On the other hand are  vigilante  groups silencing users  or pushers and helping in stopping the drug industry, sowing fear and terrifying pushers to stop the game of drugs. Either the dead pusher did not pay or was silenced to end squealing of his drug connections. Either way, vigilante groups aid the illegal drug industry to stop.
The other side of the equation is are  families  in danger. The community  is in danger of drug addicts roaming  free in public, freely selling shabu and having their day laughing, snorting  making drug lords and protectors happy.
Life goes on with all the selling and the snorting and the senseless killing and the raping making the country a dangerous place to live.
With the rising figure of  surrenderees from  the southernmost island of Jolo to Batanes up north including those who did not  surrender, the country is literally thriving on drugs protected by authorities  in government. A maddening situation it is -- made more complicated by  ecstasy drugs from overseas getting inside the country.
There has to be a better way to make  better things happen with innocent persons  killed, like the  fresh woman  graduate, a promising  citizen for her family and community and the young boy  killed who  was invited by a trike driver to go to town. 

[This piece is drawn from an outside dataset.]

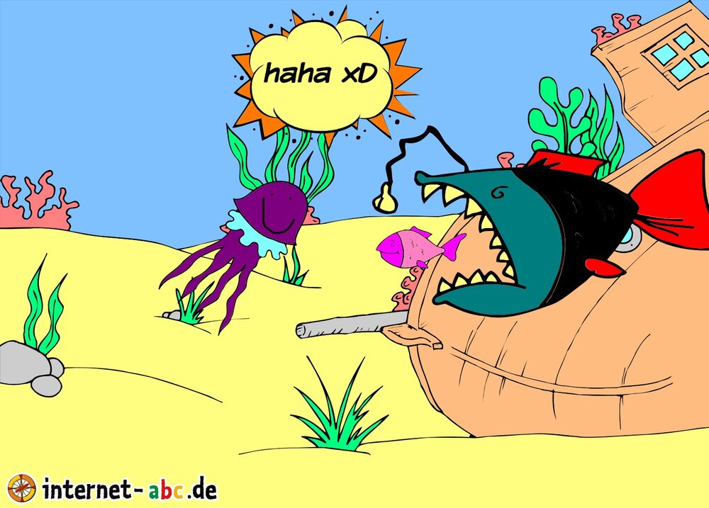 Der kleine süße pinke Fisch wird vom großem guten fisch gefressen. Die Qualle lacht und sagt dabei HAHA XD!!!!!!!!!!!!!!!!!!!!!!!!!!!!!!!!!!!!!!!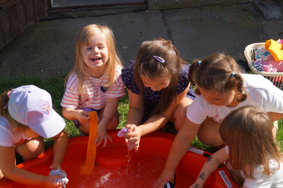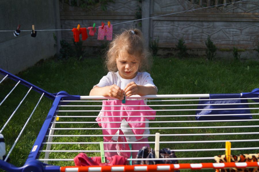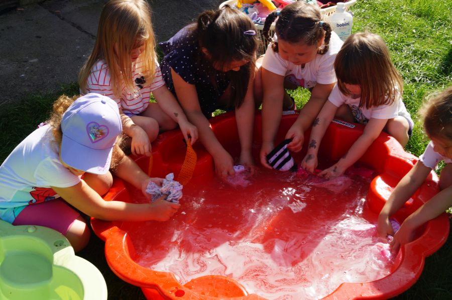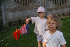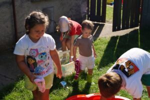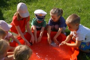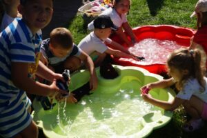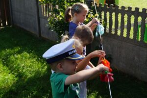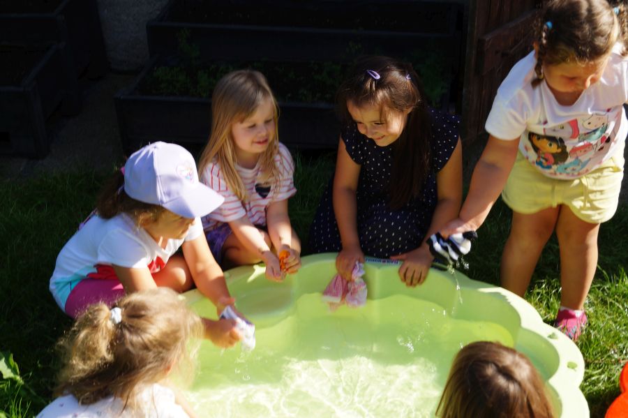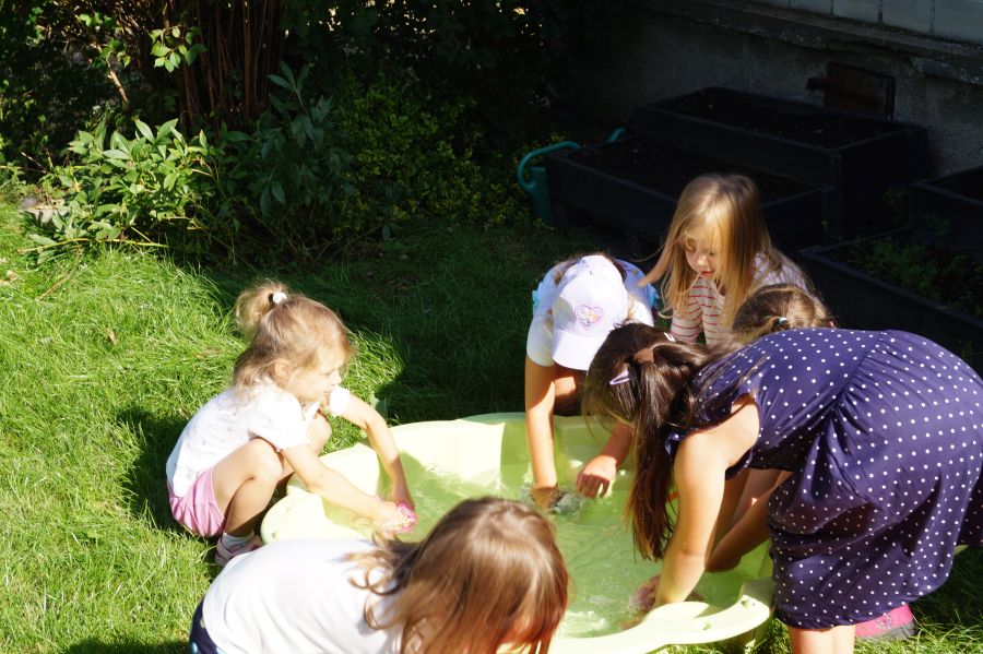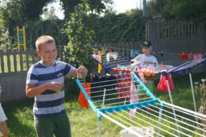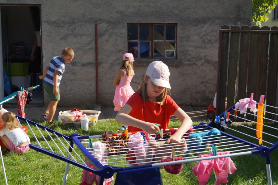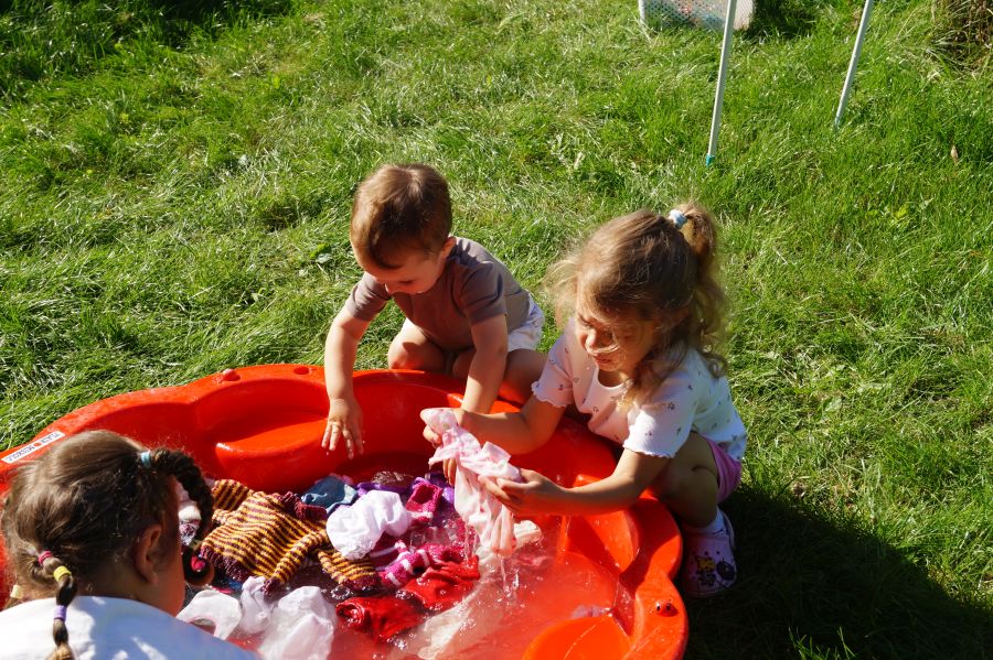 Wakacje sprzyjają alternatywnym zabawom w przedszkolu. Dlatego też korzystając z pięknej pogody, dzieci urządziły pranie ubranek dla lalek. Świetna zabawa ćwicząca wiele funkcji motorycznych oraz nieco praktycznych umiejętności.

The police or the vigilante who did such a terrible and technical error has to be found out and meted equal punishment  too. Worse if the killing was intentional  to discredit the President or stop his  anti-drugs war.
Indeed, harsh measures have to be instituted. Tough decisions need to be cast. The effect is bloody. And this was exhibited then in dangerous and drug-infested Davao a decade ago with people now enjoying the fruits of a bloody measure to end the drug trade.
Davao is now the  sixth safest city to live in the world along with a community with a vibrant economy, tarnished however with the recent bomb blast in the city.  
Drug addicts and users have to be stopped, cured of their dependency to shabu, reformed or jailed and eventually should be back to normal lives as productive citizens.
The government has to build rehabilitation centers to get these thousands of users  and  pushers cured and trained on  skills for them to eventually land jobs and make them productive members of society.  This country needs a revamp of  attitudes and habits to make it great-  attitudes of industry and patriotism, pakikikipag kapwa sa sariling   kapwa Pipino. 
***
The government has the Technical Skills and Development Authority ( TESDA) and Department of Labor and Employment (DOLE) and other government  agencies such as  the Department of  Trade and Industry (DTI) and Agriculture with their intervention on skills trainings  to provide  jobs and livelihood  for drug pushers. The prison cells are just too small and narrow for many a surrenderee and  jailed pushers.
We salute  the  campaign of President Rodrigo  Duterte against drugs aside from  wanting to stop corruption and criminality. With the rest of the sixteen million Filipino people who got him elected to the presidency, we want a state of peace, order, industry, progress  and pagmamalasakit sa kapwa Pilipino.